Remembering Philip Larkin 25 years on

  • Published
Philip Larkin in 1964
Image caption,

Philip Larkin became a giant of poetry after The Less Deceived was published

To some, Philip Larkin was Britain's greatest 20th Century poet. To others, he was a reclusive, woman-hating, self-absorbed bigot.

To Jean Hartley, who published the poetry collection that propelled him to literary greatness, he was a generous and funny friend.

On the 25th anniversary of his death, Mrs Hartley remembers the Larkin she knew.

After Philip Larkin first paid a visit to Jean and George Hartley's humble house in Hull, from which they produced the influential poetry magazine Listen, he remarked to a friend that it was "frightful".

A bare two-up, two-down workman's cottage with an outside lavatory and indoor slugs, it was, Mrs Hartley now admits, "a hovel".

"I doubt if he'd ever been in a little working class house like ours before," she says.

"He must have wondered whether we could possibly make a good job of the book."

Larkin was of solid middle-class stock, brought up in a respectable detached home, and had moved to Hull to run the university library. The husband and wife could not afford a table to eat on.

The poet was initially drawn to them out of convenience. Established publishers had rejected him, but the Hartleys were enthusiastic about his work.

The different backgrounds proved awkward at first, especially given that Larkin's father, Coventry's Nazi-admiring city treasurer, passed on some (but not all) of his right-wing instincts.

Mrs Hartley recalls an early stand-up row about politics.

"I remember shouting at him: 'My mother was a servant and I'll have to vote Labour because they're the people who have got my interests at heart.'

"And then I suddenly realised that neither of us were really interested in politics. We were both giving our gut reactions that we'd inherited from our different class backgrounds."

The pair found common ground in poetry. Unsolicited, Larkin had submitted three poems to Listen with no knowledge of its owners or origins.

"They were completely different from anything we'd seen before," Mrs Hartley explains. "They had the speaking voice there that was immediately understandable.

"They did have levels and depths, but they were perfectly accessible on one reading and that was so refreshing."

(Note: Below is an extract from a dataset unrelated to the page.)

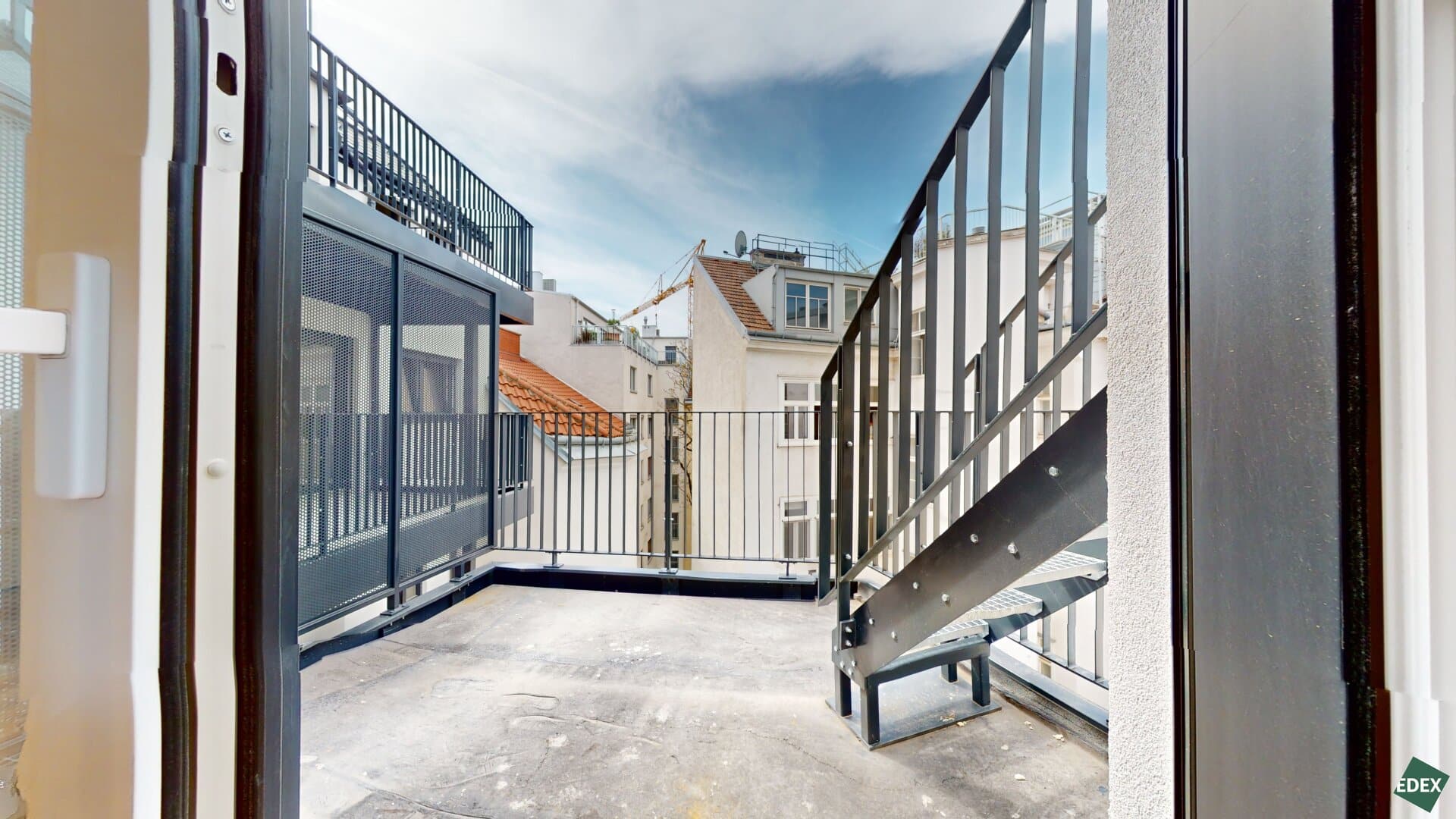 Die Freifläche teilt sich mittels Treppen auf zwei Etagen auf und kann vom Wohnbereich erreicht werden. Alle Wohnräume sind mit hochwertigem Parkett und das Badezimmer mit modernen und eleganten Fliesen ausgestattet. In der Wohnung wurde eine Fußbodenheizung verlegt.

The couple were so impressed that they invited Larkin to release the first book from their home-spun publishing house, The Marvell Press.

Image caption,

Larkin died on 2 December 1985 at the age of 63

Titled The Less Deceived, the poetry collection emerged in 1955 and gradually became a literary sensation, establishing Larkin as one of the UK's finest writers.

And the visits to the Hartleys' home continued.

"We all had a lot in common, not least on the literary front," Mrs Hartley says.

"If the weather was good we'd go out for a walk. Otherwise we just talked. And he was so funny. He was the funniest man I've ever met.

"Even when he was enveloped in gloom over some illness or mishap, he managed to make it sound absolutely hilarious."

Mrs Hartley has published her own account of her friendship with Larkin, which has been turned into a stage show.

The poet could also be loyal and generous, she recalls.

"He helped me out financially when I left George and was a single parent and a student," she says. "He opened a book account for me.

Image caption,

Jean Hartley's story has been turned into a book and a stage show. Photo: Larkin25/Dennis Low

"If he was with you, then he was interested in you. He wasn't telling you about his triumphs and his successes. In fact he never mentioned them.

"He was talking about what you wanted to talk about and your concerns."

After Larkin died in 1985, the publication of his letters, followed by a biography by his friend and fellow poet Andrew Motion, gave the world a candid and often unflattering insight into his inner life.

They laid bare his "hostility to women" (as Motion put it), his often lewd sexual thoughts, the unreconstructed right-wing views and his ugly prejudices.

"It was shown recently that one child in eight born now is of immigrant parents," he wrote to his mother in 1970. "Cheerful outlook, isn't it? Another 50 years and it'll be like living in bloody India."

'Foul-mouthed bigot'

As a result, the national treasure was irrevocably tarnished.

Peter Ackroyd described him as a "foul-mouthed bigot", while AN Wilson dismissed him as "a kind of petty bourgeois fascist" and a "nutcase".

A quarter of a century after his death, his supporters have been attempting to rehabilitate his public image.

A statue was unveiled in Hull on Thursday, the climax of a five-month festival organised by the Philip Larkin Society, of which Jean Hartley is a founding member.

His views should be put into historical context, she believes.

"It's partly a matter of when he was born - 1922," she says. "You think of the kinds of class attitudes, race attitudes, sex attitudes that he would have inherited.

"There are traces of all of those but they never had any sort of influence over the way he behaved with people, whoever they were, whatever their colour."